Task to carry out: Below, find the line containing "Cotton Jersey - White Animals" and the line containing "Чудесная брошечка! А"; reproduce exactly those two and every line between them, omitting pictures.

Exercise materials:
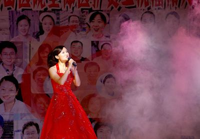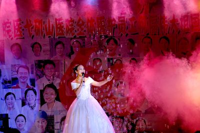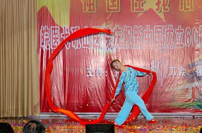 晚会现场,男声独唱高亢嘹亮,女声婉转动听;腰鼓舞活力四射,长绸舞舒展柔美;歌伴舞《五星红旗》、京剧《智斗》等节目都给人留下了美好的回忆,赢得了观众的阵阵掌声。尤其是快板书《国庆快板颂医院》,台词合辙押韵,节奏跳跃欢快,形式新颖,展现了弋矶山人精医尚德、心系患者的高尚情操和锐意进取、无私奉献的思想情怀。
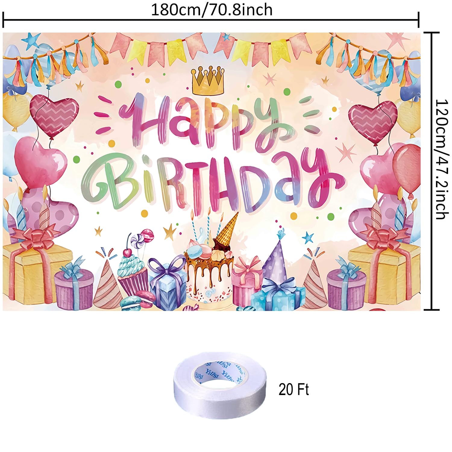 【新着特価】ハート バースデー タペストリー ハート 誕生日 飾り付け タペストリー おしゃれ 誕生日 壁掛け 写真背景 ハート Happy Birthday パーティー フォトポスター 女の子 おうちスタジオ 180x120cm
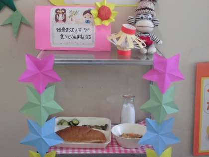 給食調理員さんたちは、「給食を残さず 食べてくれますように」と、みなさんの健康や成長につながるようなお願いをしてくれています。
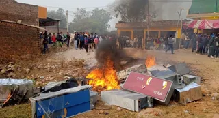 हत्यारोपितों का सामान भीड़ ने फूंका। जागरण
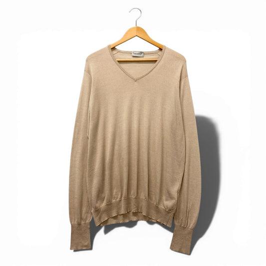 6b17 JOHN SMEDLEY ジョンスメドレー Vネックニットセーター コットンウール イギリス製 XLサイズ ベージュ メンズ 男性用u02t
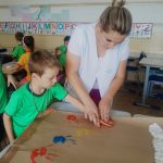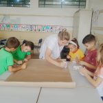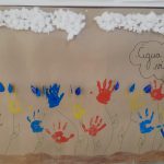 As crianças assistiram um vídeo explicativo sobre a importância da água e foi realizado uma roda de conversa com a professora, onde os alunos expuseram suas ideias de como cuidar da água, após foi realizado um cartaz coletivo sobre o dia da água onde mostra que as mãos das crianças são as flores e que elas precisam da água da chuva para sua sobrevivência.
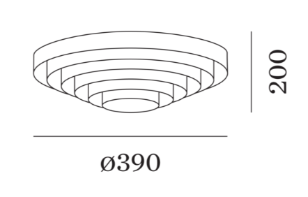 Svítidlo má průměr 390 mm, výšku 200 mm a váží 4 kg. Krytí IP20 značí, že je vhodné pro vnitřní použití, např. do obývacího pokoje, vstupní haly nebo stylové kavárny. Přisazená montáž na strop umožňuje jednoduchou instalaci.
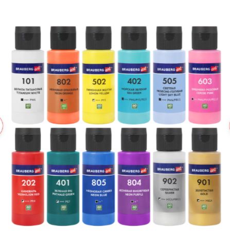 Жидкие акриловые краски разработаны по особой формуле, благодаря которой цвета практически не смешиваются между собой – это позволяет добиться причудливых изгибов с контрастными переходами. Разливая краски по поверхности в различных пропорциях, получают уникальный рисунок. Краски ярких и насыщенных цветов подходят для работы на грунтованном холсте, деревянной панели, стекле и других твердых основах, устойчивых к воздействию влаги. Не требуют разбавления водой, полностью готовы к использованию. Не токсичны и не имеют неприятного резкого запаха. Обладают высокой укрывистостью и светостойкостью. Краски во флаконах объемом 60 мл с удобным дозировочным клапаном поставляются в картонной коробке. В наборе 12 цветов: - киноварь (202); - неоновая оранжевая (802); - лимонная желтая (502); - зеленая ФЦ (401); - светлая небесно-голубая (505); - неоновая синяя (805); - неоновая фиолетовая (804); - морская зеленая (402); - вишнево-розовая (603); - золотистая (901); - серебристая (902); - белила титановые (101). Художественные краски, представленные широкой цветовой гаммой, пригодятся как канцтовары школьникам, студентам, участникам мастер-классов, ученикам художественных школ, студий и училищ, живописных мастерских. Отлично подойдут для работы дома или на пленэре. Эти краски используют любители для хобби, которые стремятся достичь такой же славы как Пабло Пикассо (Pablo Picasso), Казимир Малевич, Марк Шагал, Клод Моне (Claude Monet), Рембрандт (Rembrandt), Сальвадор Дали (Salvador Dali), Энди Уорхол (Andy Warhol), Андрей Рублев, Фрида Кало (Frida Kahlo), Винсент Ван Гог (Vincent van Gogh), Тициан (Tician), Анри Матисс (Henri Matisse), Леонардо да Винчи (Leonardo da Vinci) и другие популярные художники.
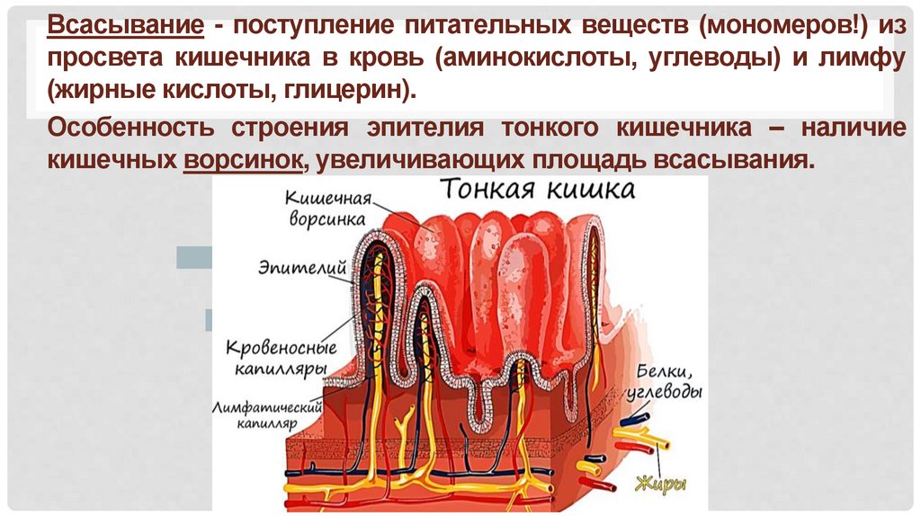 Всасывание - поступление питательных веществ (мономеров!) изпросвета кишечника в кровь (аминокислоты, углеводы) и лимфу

--

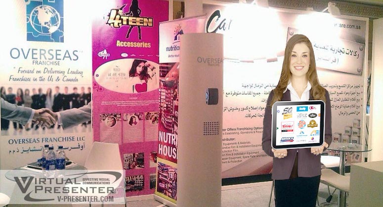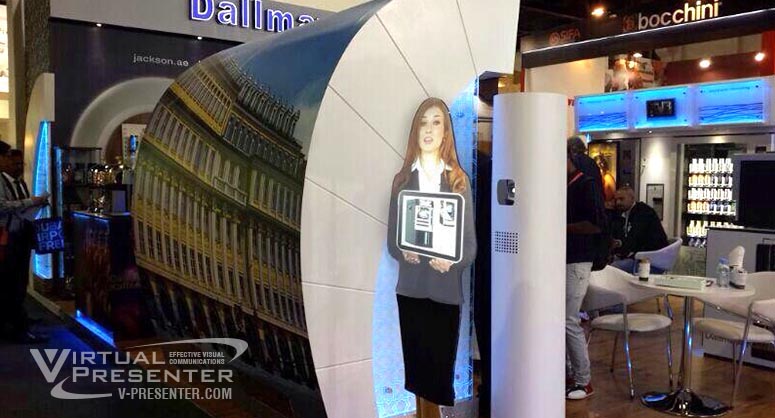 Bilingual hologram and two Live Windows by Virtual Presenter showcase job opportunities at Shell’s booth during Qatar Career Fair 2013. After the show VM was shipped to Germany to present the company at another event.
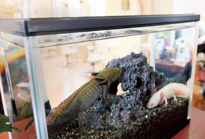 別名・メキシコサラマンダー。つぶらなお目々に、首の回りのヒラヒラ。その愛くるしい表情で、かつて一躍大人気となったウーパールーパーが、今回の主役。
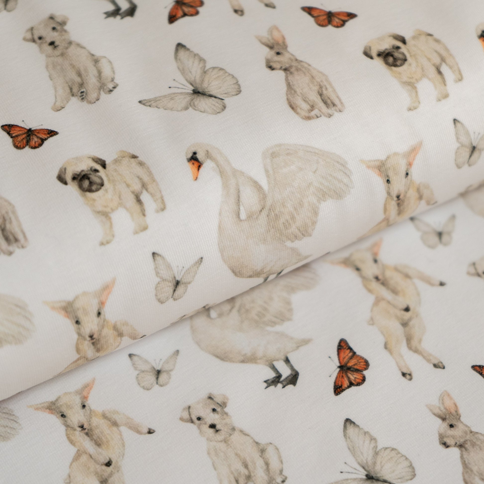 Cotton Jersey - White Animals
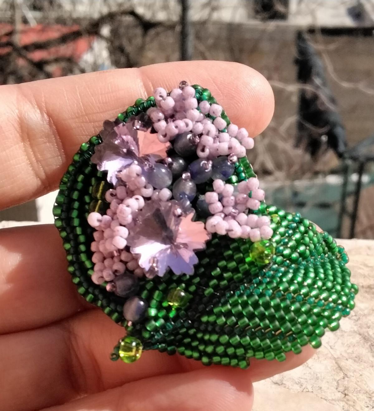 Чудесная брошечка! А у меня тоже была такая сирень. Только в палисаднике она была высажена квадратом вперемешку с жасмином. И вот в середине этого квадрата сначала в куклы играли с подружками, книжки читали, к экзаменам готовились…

---

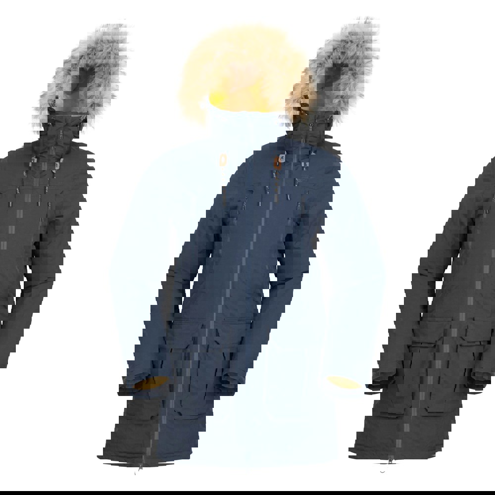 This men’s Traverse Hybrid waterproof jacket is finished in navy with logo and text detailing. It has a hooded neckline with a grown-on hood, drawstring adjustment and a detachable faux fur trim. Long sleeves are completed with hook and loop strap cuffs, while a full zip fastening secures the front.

Solution to this task:
 Cotton Jersey - White Animals
 Чудесная брошечка! А у меня тоже была такая сирень. Только в палисаднике она была высажена квадратом вперемешку с жасмином. И вот в середине этого квадрата сначала в куклы играли с подружками, книжки читали, к экзаменам готовились…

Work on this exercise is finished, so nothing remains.